FCRA's new amendments are intended to overturn the Federal Trade Commission's infamous April 1999 "Vail letter" in which the FTC responded to questions concerning FCRA's application to sexual harassment investigations. See Keller-Vail, Fed. Trade Comm'n Staff Op. Letter, April 5, 1999, http://www.ftc.gov/os/statutes/fcra/vail.htm. The FTC concluded that private investigators hired by an employer qualify as consumer reporting agencies under FCRA even when the scope of the investigation does not go beyond the employer's workforce or internal documents. While FTC opinions are not law, the Vail letter effectively stifled an employer's ability to bring in outside investigators, including attorneys, without triggering obligations under FCRA.

In 2002, California responded to employers' concerns by amending the Investigative Consumer Reporting Act ("ICRA") to generally exclude from coverage those investigations conducted by employers that suspect an employee of wrongdoing or misconduct. In practice, the amendment provided little benefit to employers because FCRA lacked a comparable exception. However, FCRA's new provisions make the federal act more consistent with its California equivalent.

Once the amendments become effective, communications relating to employee investigations will be excluded from FCRA's definition of consumer report if all of the following are true:

  • The communication is made to an employer in connection with an investigation of (a) suspected misconduct relating to employment; or (b) compliance with Federal, State, or local laws and regulations, the rules of a self-regulatory organization, or any preexisting written policies of the employer;
  • The communication is not made for the purpose of investigating a consumer's creditworthiness, credit standing, or credit capacity; and
  • The communication is not provided to any person except (a) the employer or agent of the employer; (b) any Federal or State officer, agency, or department, or any officer, agency, or department of a unit of general local government; (c) any self-regulating organization with regulatory authority over the activities of the employer or employee; (d) as otherwise required by law; or (e) pursuant to 15 U.S.C. § 1681f (disclosures to governmental agencies).
Communications satisfying the above description will be subject to only one requirement.
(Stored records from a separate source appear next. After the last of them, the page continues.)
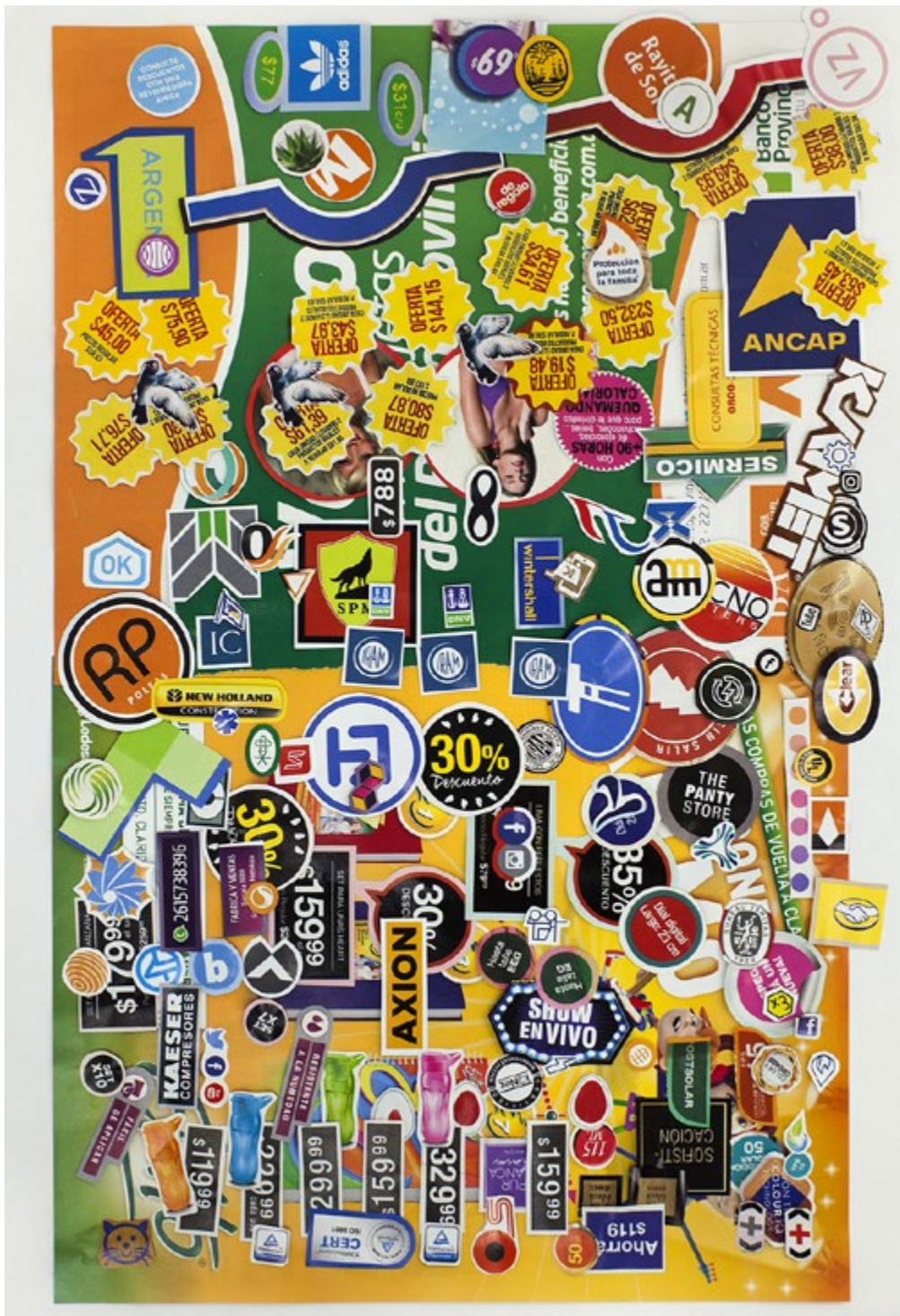
14. Serie | Series Duendadas, 2019 Collage sobre papel | Collage on paper 46 x 32 cm | 18.1 x 12.6 in Inventario | Inventory: DU100
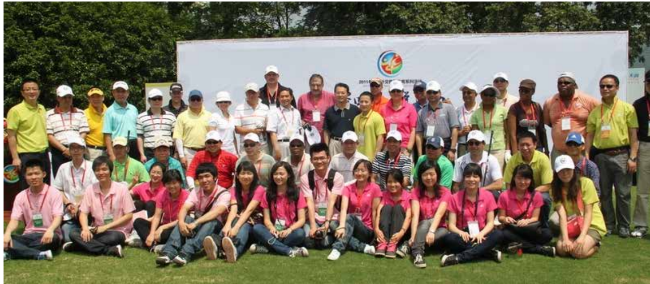
2011 年外交使團系列體育活動
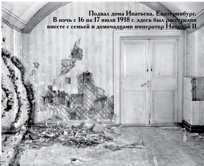
Подвал дома Ипатьева, Екатеринбург. В ночь с 16 на 17 июля 1918 г. здесь был расстрелян вместе с семьей и домочадцами император Николай II

Думаю, если отнестись со вниманием, серьезно, то нельзя не почувствовать, не увидеть величие этого подвига и не быть очарованным этими чудными образами — государя, государыни и их детей. Их жизнь была полна трудностей, скорбей, но была прекрасна! В какой строго-
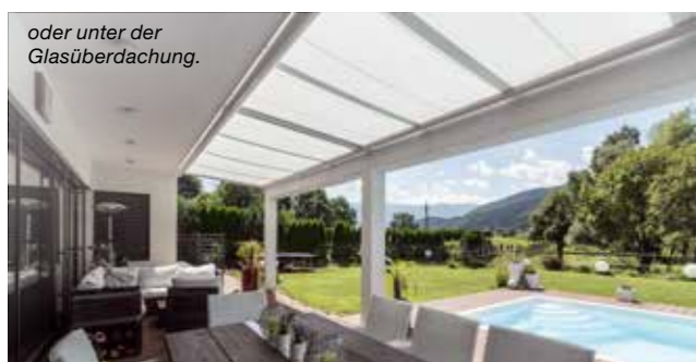
oder unter der Glasüberdachung.

If an employer takes adverse action "based in whole or in part" on such a communication, the employer must disclose to the employee or applicant a summary of the nature and substance of the communication on which the adverse action is based. This obligation is considerably less than that imposed on communications meeting the definition of consumer report. Without the new exemption, employers would need to disclose the results of an investigation prior to taking adverse action and then give the employee a "reasonable" amount of time before taking the desired action. The FTC opined that five days is reasonable. See Brinckerhoff-Weisberg, Fed. Trade Comm'n Staff Op. Letter, June 27, 1997, http://www.ftc.gov/os/statutes/fcra/weisberg.htm.

The new amendments are also significant in that they allow an employer to withhold from disclosure sources of information acquired solely for use in preparing an investigative consumer report. This provision is another departure from the Vail letter, which prohibits an employer from redacting information contained in a consumer report. It qualifies as a major victory for employers who worry that witnesses may not otherwise be forthcoming with information due to concern that their identity will be revealed to the suspect employee.

Although compliance with federal and state investigation requirements remains an arduous task, FCRA's new amendments at least lighten the burden. And employers can only hope that the amendments are but one step in the right direction.